Matt Hamblen | Feb. 27, 2015
Net neutrality has been debated for a decade, but the Federal Communications Commission's historic vote on Thursday signals only the beginning of further battles and likely lawsuits.

Other provisions of new FCC rules

Also in its vote, the FCC decided to use Section 706 of the Telecommunications Act of 1996 to supplant Title II in its adoption of Open Internet rules. Section 706 was specifically cited by the Court of Appeals in the 2014 Verizon case as giving the commission an independent grant of authority to support such rules.

By using both Section 706 and Title II to invoke new rules, FCC senior officials have said they are employing a "tailored" approach to Open Internet enforcement that will withstand the inevitable lawsuits threatened by multiple ISPs. Title II allows the FCC to use a broad "just and reasonable" standard in its regulation of Internet providers.

One area that is sure to stir up controversy and lawsuits is how the FCC uses its Title II "just and reasonable" standard to act on complaints by so-called "edge" companies, such as Netflix, that connect their services to Internet providers like AT&T, Comcast and other broadband providers. For example, an edge provider could complain to the FCC that its Internet capacity was unreasonably limited by an Internet provider, opening up an FCC inquiry and possible ruling.

Title II also allows competitors to an Internet provider in a community to access the same utility poles and underground conduits, in hopes of boosting the deployment of new broadband networks.

What some supporters and opponents say

Supporting the new FCC order are a range of public interest groups that point to the Internet as the primary medium of free speech today.

In congratulating the grassroots movement that spurred the FCC's action, U.S. Sen. Ed Markey, D-Mass., called the effort a 21st-century battle where supporters acted as modern-day Paul Reveres. "You have sounded the alarm and called us to arms ... to advocate for this new set of rules," Markey said in a conference call with reporters. "This revolution was not only televised but it was tweeted ... around the world."
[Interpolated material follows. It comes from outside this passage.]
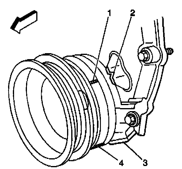 IMPORTANT: Rotate the number 1 cylinder to Top Dead Center (TDC) of the compression stroke. The engine front cover has 2 alignment tabs and the crankshaft balancer has 2 alignment marks (spaced 90 degrees apart) which are used for positioning number 1 piston at top dead center (TDC). With the piston on the compression stroke and at top dead center, the crankshaft balancer alignment mark (1) must align with the engine front cover tab (2) and the crankshaft balancer alignment mark (4) must align with the engine front cover tab (3).

The new rules will help protect the economy and are as important as keeping our air, water and roads safe, Markey added. "Reclassifying under Title II is a major victory for consumers," he said.

During the FCC hearing, Tim Berners-Lee, founder of the World Wide Web, in a pre-recorded video statement , gave his support to the Title II reclassification as the means to keep "permissionless innovation" alive on the Web.

Etsy CEO Chad Dickerson also testified about the value of keeping an unrestricted Internet to support businesses like Etsy, a peer-to-peer e-commerce Web site that supports sales by online artists and designers. In an emotional highlight, Dickerson read a letter from a woman identified only as Nancy from California who had been injured in a traffic accident and was relying on sales of her goods from her chair at home via Etsy. "My dream is alive and viable because of the free Internet," she said.